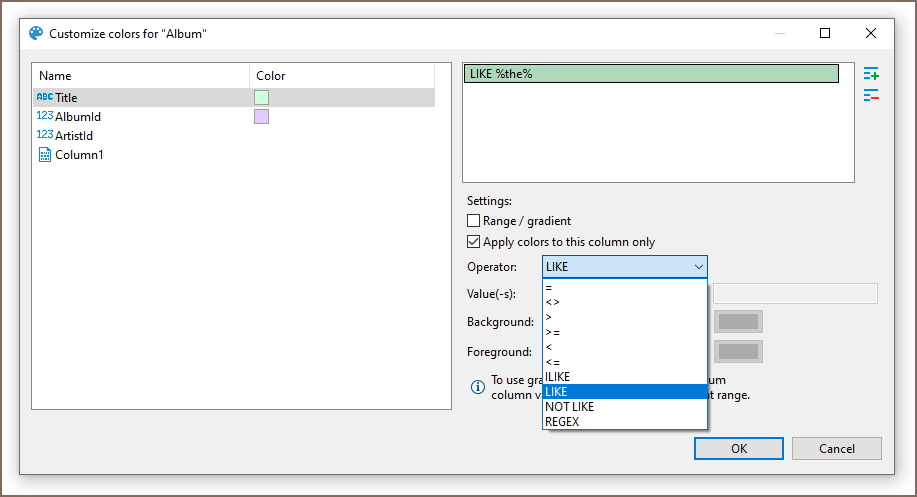 | Apply colors to this column only | Restricts the color rule to the selected column. |
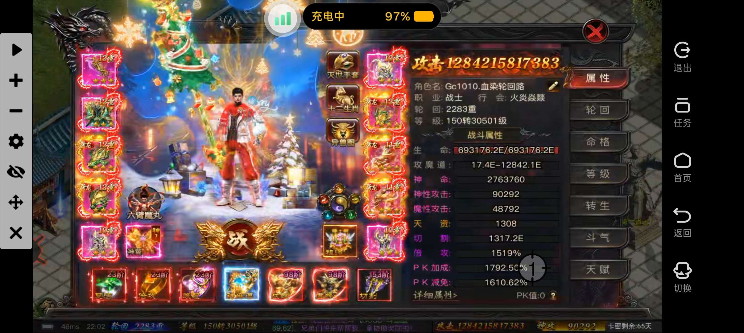 1.3万亿攻击1万真伤!理财满!十倍满!武神旗!神兵满!异兽满!冥王满!红卡10万榜3官职7成神
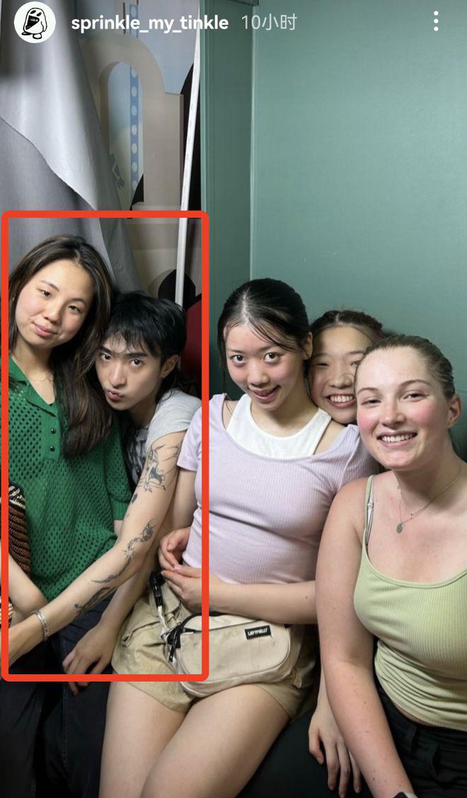 但是恩利和女生们的相处方式如同闺蜜一般,十分亲近。比如下面这一张照片中,恩利就手持饮品,和同学头碰头,紧贴着彼此,很容易让人误会。
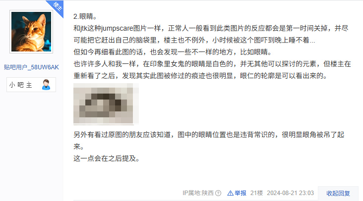 而後,接力棒傳到了百度貼吧都市傳說吧小吧主“貼吧用戶_58UW6AK”手中。2024年,他與B站UP主“comerpalomitas”一同展開對鬼圖本身的溯源,整個溯源過程相當細緻,無論是眼睛、眉毛特徵,還是修圖痕跡、側面若隱若現的人臉輪廓,各種細節線索都被考慮完全。
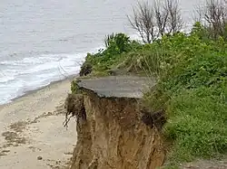 The coastal cliffs at Covehithe are formed of glacial sands and other deposits. Loose and unconsolidated, they erode rapidly, currently at around 4.5 metres a year,[15] although Environment Agency studies found that 75 metres (250 ft) had been lost between 1992 and 2006 at a rate of 5.3 metres (17 ft) a year.[16] The main part of the settlement at Covehithe, around 250 metres from the current shoreline, is expected to be lost to erosion by 2110, possibly even by 2040.[15][17][18] Any future attempts to protect Covehithe are thought to be unsustainable, and would likely increase erosion rates at the larger settlement of Southwold to the south.[15][18]
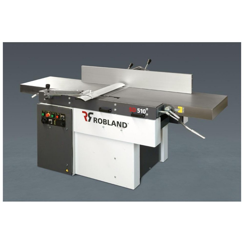 Фугувально-рейсмусовий верстат Robland SD 510 призначений для стругання заготовок в розмір по товщині, по пласті і крайці. Загальна довжина столів 2250 мм дозволяє обробити навіть довгі заготовки. У базовій комплектації верстат обладнаний потужністю 5 кВт. Верстат комплектується похилій лінійкою, захисним огородженням строгального валу, масивним чавунним столом. Опціонально верстат можна оснастити свердлильно-пазовальным пристроєм.
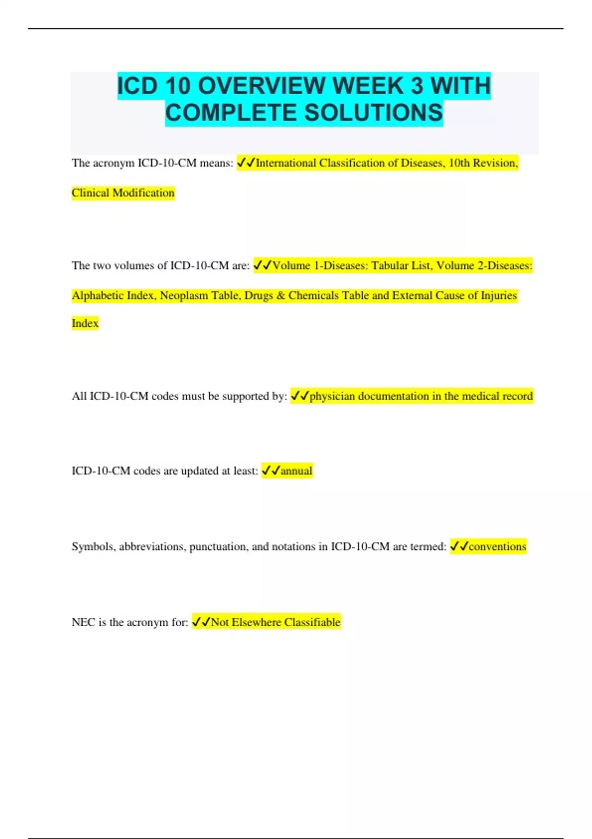 ICD 10 OVERVIEW WEEK 3 WITH COMPLETE SOLUTIONS The acronym ICD-10-CM means: International Classification of Diseases, 10th Revision, Clinical Modification The two volumes of ICD-10-CM are: Volume 1-Diseases: Tabular List, Volume 2-Diseases: Alphabetic Index, Neoplasm Table, Drugs & Chemicals Table and External Cause of Injuries Index All ICD-10-CM codes must be supported by: physician documentation in the medical record ICD-10-CM codes are updated at least: annual Symbols, abbreviations, punctuation, and notations in ICD-10-CM are termed: conventions NEC is the acronym for: Not Elsewhere Classifiable ICD-10-CM codes translate the ____ of services provided from verbal and narrative descriptions to nationally accepted reporting standards. Medical necessity NOS is the acronym for: Not Otherwise Specified The Table of Drugs and Chemicals is located in: Volume 2 Primary neoplasm The classification not included in the Table of Drugs and Chemicals is: ICD-10-CM codes are used for: Diagnostic Coding ICD-10 codes are alphanumeric, with all codes beginning with a number. False ICD-10 codes have a maximum of five characters. False Pertaining to ICD-10 codes, the letter N is assigned as a fifth character placeholder for certain six-character codes. False The ICD-10, the WHO version, does not include a procedure classification (ICD-10-PCS). True ICD-10-PCS is maintained and updated by:

=== What is being asked ===
Which part of the entries opens with the line containing "The coastal cliffs" and closes with the line containing "Фугувально-рейсмусовий верстат Robland"? Output that part exactly, ends included, pictures excluded.

=== Answer space ===
 The coastal cliffs at Covehithe are formed of glacial sands and other deposits. Loose and unconsolidated, they erode rapidly, currently at around 4.5 metres a year,[15] although Environment Agency studies found that 75 metres (250 ft) had been lost between 1992 and 2006 at a rate of 5.3 metres (17 ft) a year.[16] The main part of the settlement at Covehithe, around 250 metres from the current shoreline, is expected to be lost to erosion by 2110, possibly even by 2040.[15][17][18] Any future attempts to protect Covehithe are thought to be unsustainable, and would likely increase erosion rates at the larger settlement of Southwold to the south.[15][18]
 Фугувально-рейсмусовий верстат Robland SD 510 призначений для стругання заготовок в розмір по товщині, по пласті і крайці. Загальна довжина столів 2250 мм дозволяє обробити навіть довгі заготовки. У базовій комплектації верстат обладнаний потужністю 5 кВт. Верстат комплектується похилій лінійкою, захисним огородженням строгального валу, масивним чавунним столом. Опціонально верстат можна оснастити свердлильно-пазовальным пристроєм.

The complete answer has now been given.